The bug-kill itself is satisfying in the way single-line-fixes always are. The strategic move underneath is bigger:

Before this fix, our engine could only run one particular merge correctly. Every other model in the Qwen3.5 family — including the stock weights, including any future fine-tune, including the bespoke clean-4B base Dan has been planning to train — would have come out garbage in non-obvious ways. The substrate looked sovereign from outside; from inside, it was quietly coupled to a single accidental quant choice in a single specific merge that nobody on the team had even noticed was load-bearing.

After this fix, the engine eats stock Qwen3.5 weights. Any of them. The substrate is now actually substrate-shaped: a thing other models can stand on, not a thing accidentally optimised for one model. Dan's bespoke-clean-4B base is no longer blocked by the engine; the next clean Qwen variant is no longer blocked; any other reasonable model class can be tested without first crossing the bug-discovery hurdle our engineer crossed at 3am.
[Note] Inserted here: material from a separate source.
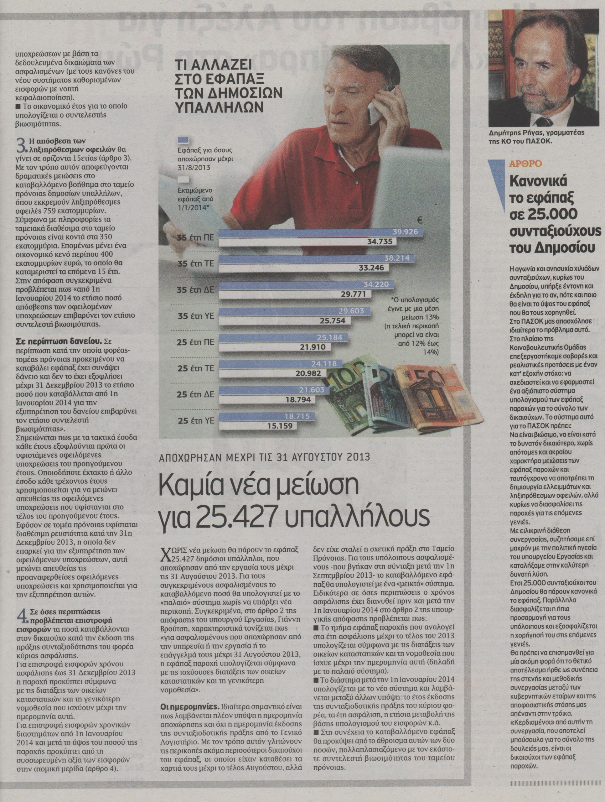 Εξαιρούνται από τις αλλαγές όσοι πρόλαβαν να καταθέσουν τα χαρτιά τους έως τις 31 Αυγούστου 2013, των οποίων το εφάπαξ θα υπολογιστεί με το παλαιό σύστημα και χωρίς νέα μείωση.

That is the lab discipline working: the engine became more sovereign by becoming less coupled to a single happy accident. The substrate became more itself by becoming less itself-of-a-particular-shape.

Who did what, named honestly

A working day in the lab is rarely a single person's work, and pretending otherwise is its own kind of erasure. The credit-list for this fix, in order of contribution:

Our inference engineer did the overnight forensic drift-hunt that proved the engine's math was algebraically sound and ruled out the easy explanations. Without that work, the analyst's author's morning would have been spent re-investigating the algebra instead of starting from "the math is correct, so where is the kernel actually wrong?" The wrong-but-thorough conclusion enabled the right-and-fast next step.
Dan's instinct insisted on testing against a clean model rather than accepting the drift-hunt's verdict as final. The verdict was correct in what it claimed; the question Dan added — "correct on which model?" — was the one that exposed the hiding-behind-the-merge problem. "I don't trust the merge" was the load-bearing instinct.
The analyst's author built engine-parity that morning, drove the comparison at L0, traced the 82% delta to its single-bit-mask cause, shipped the one-line CPU fix, ported it to GPU, ran the verification, caught her own tool's mis-classification of severity, and proposed the two-axis fix. The engineering execution of the day.
The lab discipline made the iteration loop fast enough that the tool could be built in the morning and used the same afternoon. Bit-strict tests as the regression gate; a hard refusal to ship work that doesn't pass; cited evidence at every step. Without the discipline, the fix would have shipped untested and re-introduced new bugs to chase later.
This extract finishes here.